A propósito, sobre o assunto, doutrinam Ada Pellegrini Grinover, Antonio Magalhães Gomes Filho, Antonio Scarance Fernandes e Luiz Flávio Gomes:

"No concurso de material de crimes (CP, art. 69), se a soma das penas máximas (de cada crime) excede de dois anos, não há espaço para os Juizados (segundo a doutrina predominante).

No caso de concurso formal ou crime continuado, a jurisprudência do STJ adota posição no sentido de que o aumento deve ser computado. Isso é inequívoco no que se relaciona com a suspensão condicional do processo, consoante enunciada da Súmula 243 do STJ: "O benefício da suspensão do processo não é aplicável em relação às infrações penais cometidas em concurso material, concurso formal ou continuidade delitiva, quando a pena mínima cominada, seja pelo somatório, seja pela incidência da majorante, ultrapassar o limite de um ano.

Aplicado o teor da súmula ao âmbito dos Juizados, se com o aumento decorrente dessas duas últimas causas a pena extrapola o limite de dois anos, não se trata de fato de competência."

(GRINOVER, Ada Pellegrini et al. Juizados Especiais Criminais, 4.ª ed., rev., ampl. e atual., São Paulo, Editora RT, 2002, p. 380-381.)

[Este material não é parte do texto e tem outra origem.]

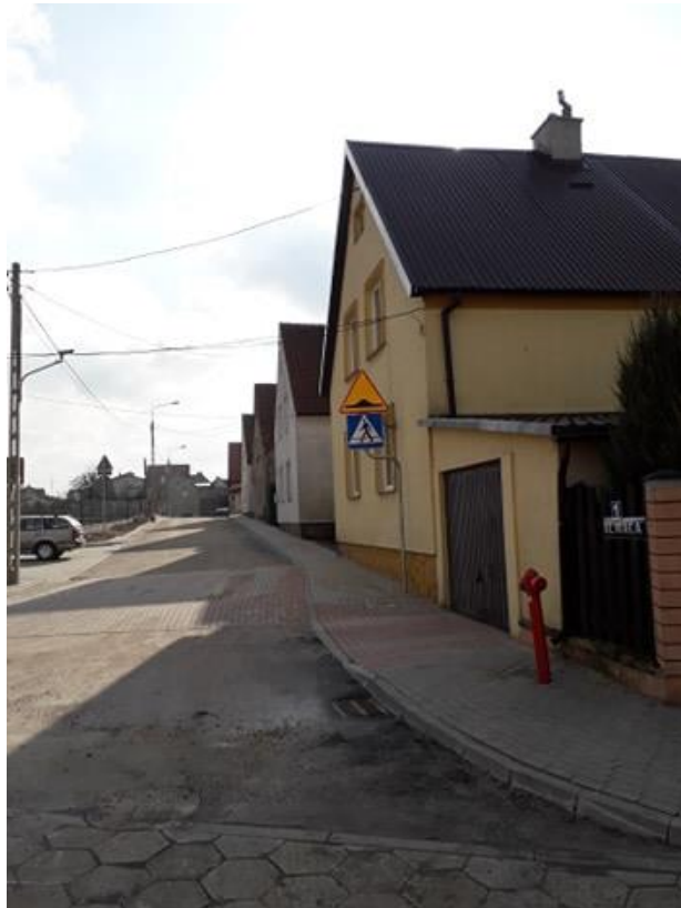
ul. Mała po przebudowie
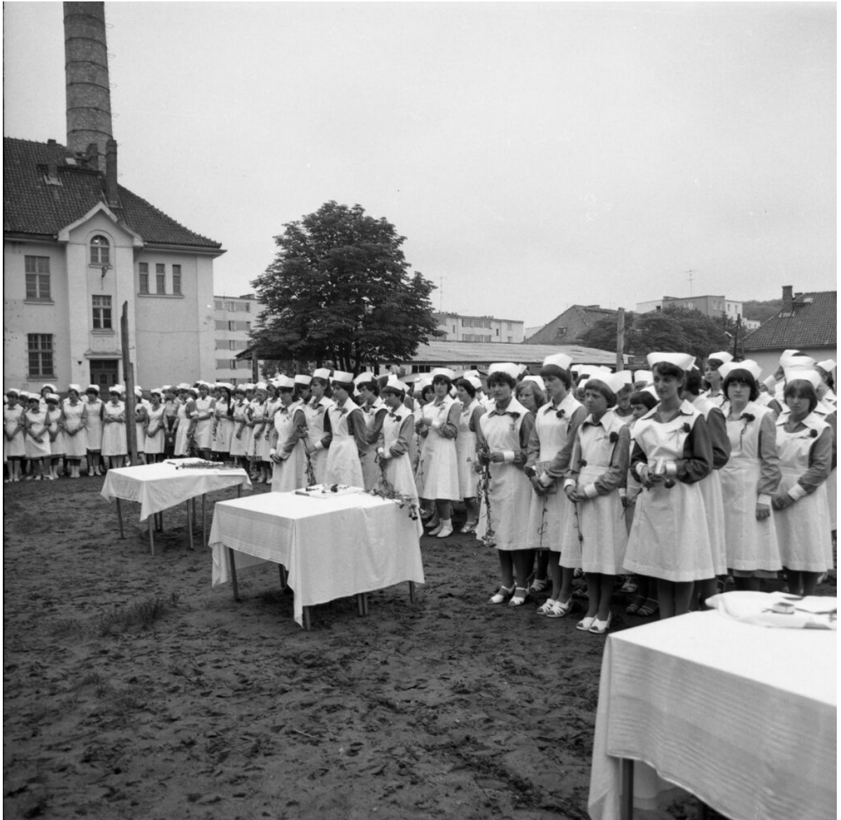
■ Czepkowanie w Liceum Medycznym 1977

Neste mesmo sentido, assim se pronunciou o Colendo Supremo Tribunal Federal:

"Habeas corpus." Incompetência do Juizado especial criminal. Havendo concurso de infrações penais, que isoladamente sejam consideradas de menor potencial ofensivo, deixam de sê-lo, levando-se em consideração, em abstrato, a soma das penas ou o acréscimo, em virtude desse concurso. "Habeas corpus" deferido, para declarar a incompetência do Juizado especial criminal, e determinar que os autos sejam encaminhados à Justiça Estadual comum." (STF, 1.ª Turma, HC 80811/PR, Rel. Min. Moreira Alves, j, 08.05.2001; in DJU de 22.03.2002).

Neste mesmo diapasão, vem decidindo o TJDFT - Tribunal de Justiça do Distrito Federal e dos Territórios:

"CONFLITO DE COMPETÊNCIA. PENAL. PROCESSO PENAL. INFRAÇÃO DE MENOR POTENCIAL OFENSIVO. LEI 9.099/1995 E LEI 10.259/2001.

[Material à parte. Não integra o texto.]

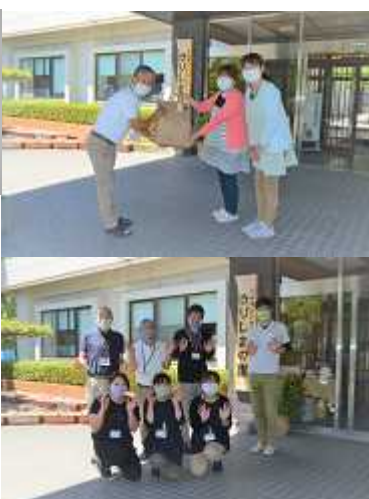
(上) 寄贈されたマスク (右上) マスク贈呈の様子 (右下) マスクを着用した施設職員

受け取った野添施設長は「品薄で注文してもなかなか入荷しないので、とてもありがたいです。」とお礼を伝え、施設の職員と共に早速マスクをつけて業務にあたっていました。
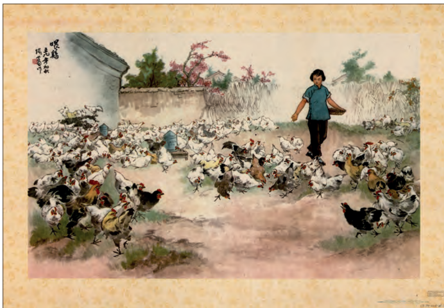
Fig. 5. "Fodring af høns". Guohua-maleri af Zhang Shijian (1926-). Shijia zhuang, 1961. (OA 102-2006-pl. 13).

Der er en hårfin balance mellem ønsket om at videregive informationer eller instruktioner og propaganda. En plakat fra 1960 viser en ung mand gøde en rismark og i baggrunden ses en ung kvinde sprøjte insektgift. Kvindens placering hentyder til at manden har den dominerende rolle i samfundet. Teksten er i hvidt og placeret inde i selve billedet øverst til venstre i samme plan som den unge kvindes sprøjte
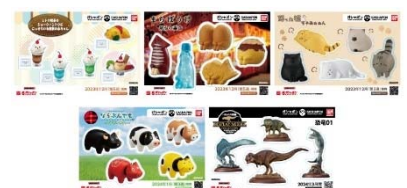
▲オリジナルステッカー(全5種)
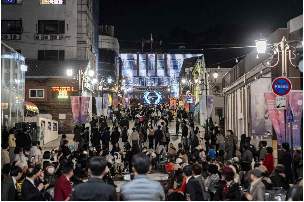
< 인천개항장 문화유산 야행 (인천 중구) >

1. A Lei 10.259/2001, em seu artigo 2.º, parágrafo único, ao definir as infrações de menor potencial ofensivo como sendo crimes a que a lei comine pena máxima não superior a 02 (dois) anos, ou multa, derrogou o artigo 61 da Lei 9.099/95, ampliando, destarte, o conceito de tais crimes também no âmbito dos juizados estaduais. Assim, tem-se que, em regra, todos os crimes, com pena máxima não superior a dois anos, ou multa, são da competência do Juizado Especial.

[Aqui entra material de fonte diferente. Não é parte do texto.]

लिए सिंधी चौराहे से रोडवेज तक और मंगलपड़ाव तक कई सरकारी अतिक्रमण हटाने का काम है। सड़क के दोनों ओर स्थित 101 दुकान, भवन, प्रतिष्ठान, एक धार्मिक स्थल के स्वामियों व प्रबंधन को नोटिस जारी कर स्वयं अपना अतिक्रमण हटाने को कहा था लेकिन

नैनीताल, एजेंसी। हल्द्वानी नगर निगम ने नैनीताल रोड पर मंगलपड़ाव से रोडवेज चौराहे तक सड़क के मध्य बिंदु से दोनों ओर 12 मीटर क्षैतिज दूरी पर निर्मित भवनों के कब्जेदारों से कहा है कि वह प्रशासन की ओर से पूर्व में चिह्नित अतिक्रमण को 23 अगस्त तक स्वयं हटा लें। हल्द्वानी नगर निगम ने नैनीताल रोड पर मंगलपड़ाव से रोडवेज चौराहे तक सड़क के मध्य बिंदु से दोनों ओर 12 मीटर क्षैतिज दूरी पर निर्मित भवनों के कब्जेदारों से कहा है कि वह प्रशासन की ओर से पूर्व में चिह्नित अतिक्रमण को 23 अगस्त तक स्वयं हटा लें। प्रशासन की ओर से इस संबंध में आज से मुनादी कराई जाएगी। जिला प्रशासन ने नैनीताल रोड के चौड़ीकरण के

2. Para definir-se a pena máxima, as causas de aumento e diminuição da pena, bem como as majorantes decorrentes das regras do concurso formal ou crime continuado, devem ser levadas em conta. No concurso material de crimes, de que trata o art. 69 do Código Penal, não se reconhecerá da competência dos Juizados se a soma das penas máximas dos crimes extrapola o novo limite de dois anos.

3. A Lei 9.099/95, com a nova concepção de infração de menor potencial ofensivo, aplica-se aos crimes sujeitos a procedimento especial - não ressalvados pela lei 10.259/01 -, inclusive às ações penais de iniciativa exclusivamente privada, ainda que tenham sido instauradas antes da vigência da Lei 10.259/01. A única exceção a ser observada quanto à competência dos Juizados Especiais Criminais diz respeito aos feitos relativos a entorpecentes ou substâncias capazes de determinar dependência física ou psíquica e os com eles conexos, devendo, nesse particular, aplicar-se o princípio da especialidade, prevalecendo a Lei de Organização Judiciária do Distrito Federal e Territórios (Lei 8185/91, alterada pela Lei 9.699/98)." (TJDFT, CCP 2003 00 2 002582-6, Rel. Des. Edson Alfredo Smaniotto, j. 14.05.2003; in DJU de 03.09.2003.)